Only about 25% of Hospital Readmissions are Preventable

MedicalResearch.com Interview with:

Dr. Andrew Auerbach MD Professor of Medicine in Residence Director of Research Division of Hospital Medicine UCSF

Dr. Andrew Auerbach

Dr. Andrew Auerbach MD
Professor of Medicine in Residence
Director of Research Division of Hospital Medicine
UCSF and

Jeffrey L. Schnipper, MD, MPH Associate Physician, Brigham and Women's Hospital Associate Professor of Medicine, Harvard Medical School Department of Medicine Brigham and Women's Hospital

Dr. Jeffrey Scnhipper

Jeffrey L. Schnipper, MD, MPH
Associate Physician, Brigham and Women’s Hospital
Associate Professor of Medicine, Harvard Medical School
Department of Medicine
Brigham and Women’s Hospital

 

 

MedicalResearch.com: What is the background for this study?

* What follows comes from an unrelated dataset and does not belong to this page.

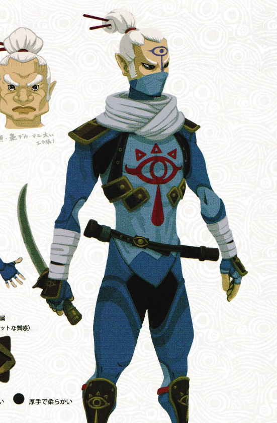 Enfin, la culture sheikah semble avoir été l'objet de recherches particulièrement poussées. Le style des villageois très homogène dans le village Cocorico, aurait pu être tout autre comme le montre les images suivantes à travers une suite de personnages qui ne perdent pas leur inspiration japonisante. Quant au drôle de personnages de Faras, différentes tenues et styles capillaires (allant jusqu'aux poils aux pattes) ont été essayés. On retiendra une forte ressemblance avec un certain personnage voyageant dans le temps à bord d'une DeLorean DMC-12.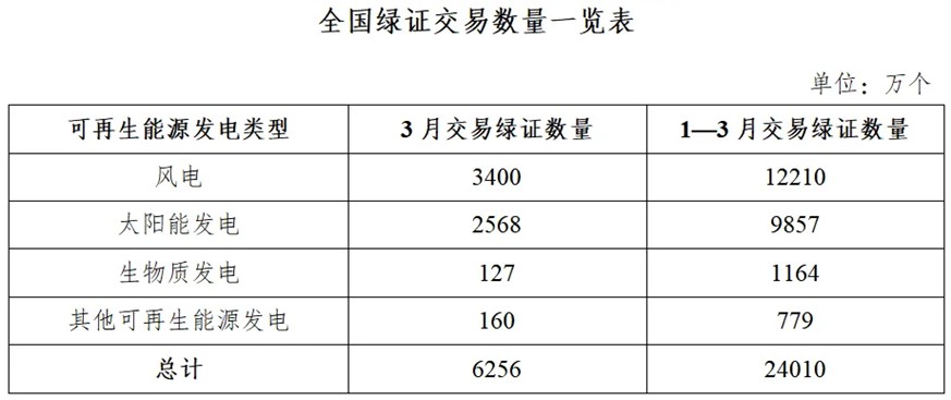 2026年3月,全国交易绿证6256万个,其中绿色电力交易绿证3270万个。

Response: The Affordable Care Act required the Department of Health and Human Services to establish a program to reduce what has been dubbed a “revolving door of re-hospitalizations.” Effective October 2012, 1 percent of every Medicare payment was deducted for a hospital that was determined to have excessive readmissions. This percentage has subsequently increased to up to 3 percent. Penalties apply to readmitted Medicare patients with some heart conditions, pneumonia, chronic lung disease, and hip and knee replacements.

Unfortunately, few data exist to guide us in determining how many readmissions are preventable, and in those cases how they might have been prevented.

MedicalResearch.com: What are the main findings?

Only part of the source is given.